* [PROMPT]: Skip the pictures. Quote every line below, exactly, from the one with "仙人掌庭院 Botanical Cactus Gardens" through the final line.

* [DATA PROVIDED]:
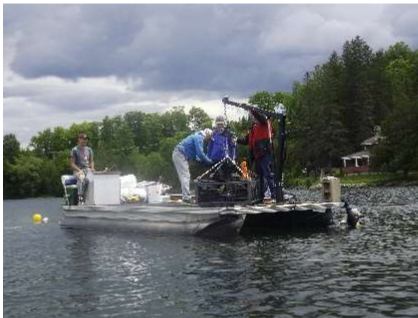
Figure 9 : Remontée d'un panier plein de sacs d'ancrage
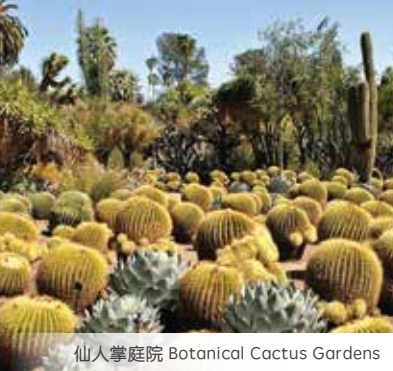
仙人掌庭院 Botanical Cactus Gardens
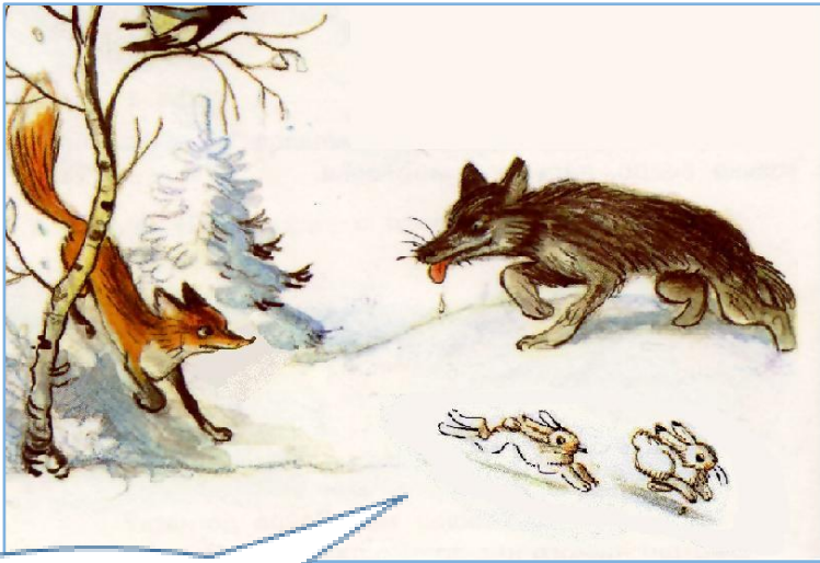
Хищничество и межвидовая конкуренция

* [SOLUTION TO THIS EXERCISE]:
仙人掌庭院 Botanical Cactus Gardens
Хищничество и межвидовая конкуренция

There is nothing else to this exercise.